The careers and contributions of Chishti Sufis have a significant role in the making of India’s wonderful pluralistic culture in which an amazing diversity can peacefully coexist. Through their practices, Sufis were able to show a tolerant and accommodative face of Islam, which tends to get ignored in the usual emphasis on Islamic societies breeding terror. Khwaja Qutbuddin Bakhtiyar Kaki, whose shrine is in Mehrauli in Delhi, consolidated the presence of the Chishtis in the city at a time when Delhi Sultanate was also expanding and establishing its power early in 13th century. Emerging half a century later, Hazrat Khwaja Nizamuddin Auliya remains a much-celebrated patron saint of Delhi for over 700 years now. His dargah attracts, besides large numbers of ordinary people, criminals, thugs, politicians and ministers. Much of what we know as Sufism as an Islamic spiritual movement in India was articulated by him in his discourses and reported in voluminous writings of his close disciples (including foremost cultural personality of Amir Khusrau, poet and nobleman Amir Hasan Sijzi, and political ideologue and historian Ziyauddin Barani).
Hazrat Nizamuddin’s successor Nasiruddin Chiragh Dehli carried forward the tradition of Chishti excellence as exemplary characters. However, he did not nominate any disciple as the main successor of the silsila in the next generation. By his time, Chishti Sufis had spread to large parts of upper North India, Bengal and the Deccan and established themselves as charismatic devotional figures with wide followings. In this emerging sacred geography of Sufism, Delhi retained an eminent position, even though the shrine of Khwaja Gharib Nawaz Muinuddin Chishti at Ajmer emerged as the most important Sufi centre in India.
Sufi traditions included contested practices such as music, qawwali and other forms of poetry of love, and relations with custodians of Sunni Islam as well as ruling regimes, especially the Sultans of Delhi, with whom there was both a conflict of claims to authority and consensus on how to conquer and govern. Thus, Sufis played important roles in shaping political culture and controlling involvement of religion in it. Opening of the door to their hospices (jama’atkhana/khanaqah) and later the shrines (dargah/darbar/mazar sharif) to all sections of people, across religious, caste and gender divide, meant creating a spiritual space where boundaries could be crossed. This was possible through the Sufis’ monistic doctrine of unity of existence—belief in doing away with all distinctions between God and human beings and between human beings themselves.

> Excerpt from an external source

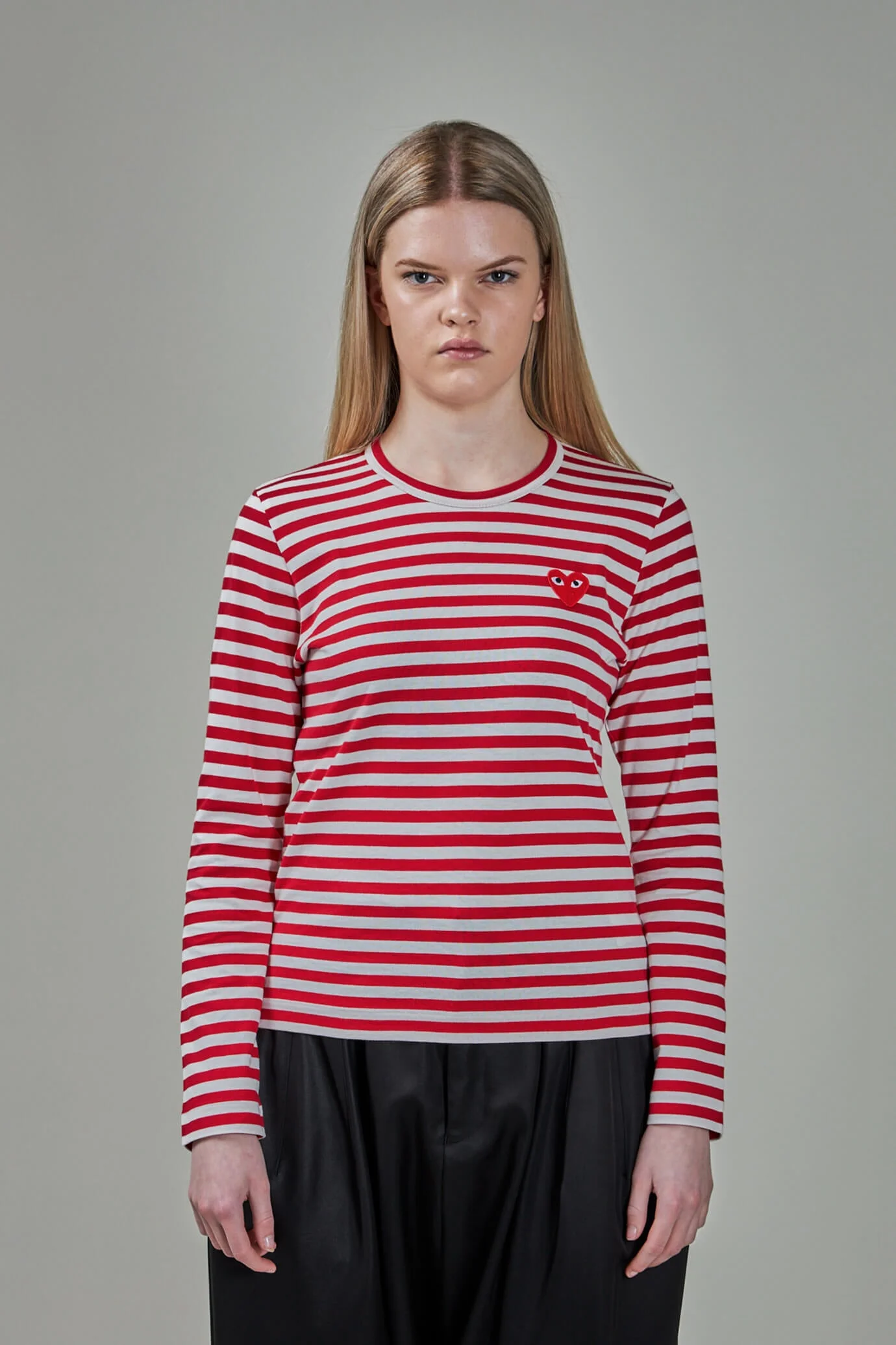 SKU: 128598 The striped longsleeve features the well-known CDG heart on the chest. The round neckline and regular fitting gives a Comme des Garcons appropriate look. Materials: 100% Cotton Color: Renee wears a size M. Renee is 179 cm and a size Small in tops, a size 38 in bottoms and a size 28 in Denim.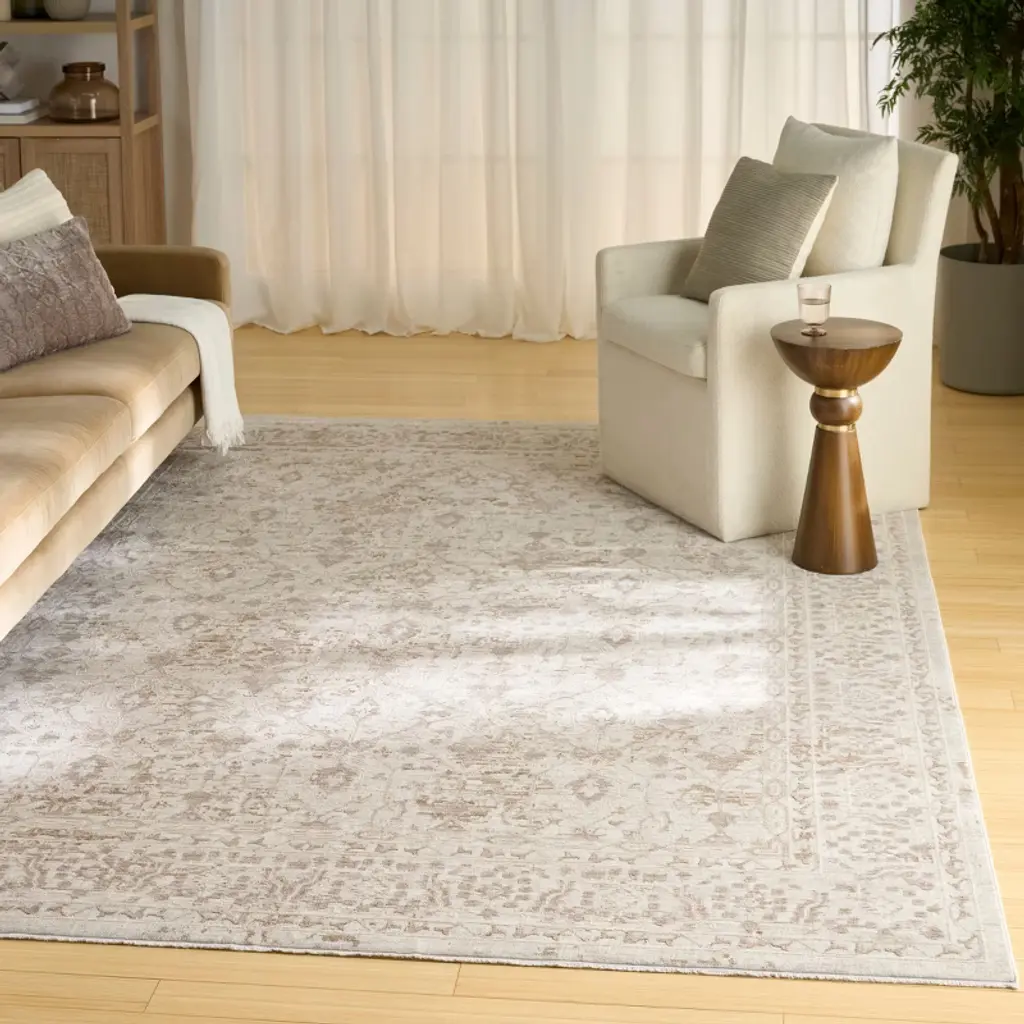 Bring timeless character to your décor with this vintage-style grey rug from the Outlines collection. Featuring a detailed Persian design in a soft neutral palette, it effortlessly enhances traditional, farmhouse, and cottagecore styles. Made from easy-to-clean polyester, this rug is as practical as it is stylish. Finished with fringe edges for a polished look.

Together, all these added to the formation of a spiritually-imbued environment at Sufi shrines. It encouraged purification of the soul, cultivation of the heart completely devoted to God, and, since the latter is supposed to have created everything, love and respect for all His creations. The annual Urs celebrations (death anniversary) at Sufi shrines continually reinforce these values of considerable cultural and political import. They bring together people from various sections of society in a spiritual atmosphere in which arbitrary and hostile social and political boundaries collapse. The qawwals (singers and musicians) sing praise for religious exemplars (God, prophets, spiritual masters) and keepers of shrines pray for sincere aspirations of devotees and for peace and tranquillity in society in general. Love for God and service to humanity is the principal mantra at the shrines—the significance of which is intolerable for divisive groups that thrive on violence.
Despite pressures from puritanical fundamentalists, this model of devotion and respect for Sufi shrines and their relevance for critical social and cultural roles can be seen thriving in other towns and cities as well. The continuous need for a broad-based and inclusive political culture means cosmopolitan character of Sufi-oriented Islamic principles will continue to be invoked for respecting social difference and creating communal harmony.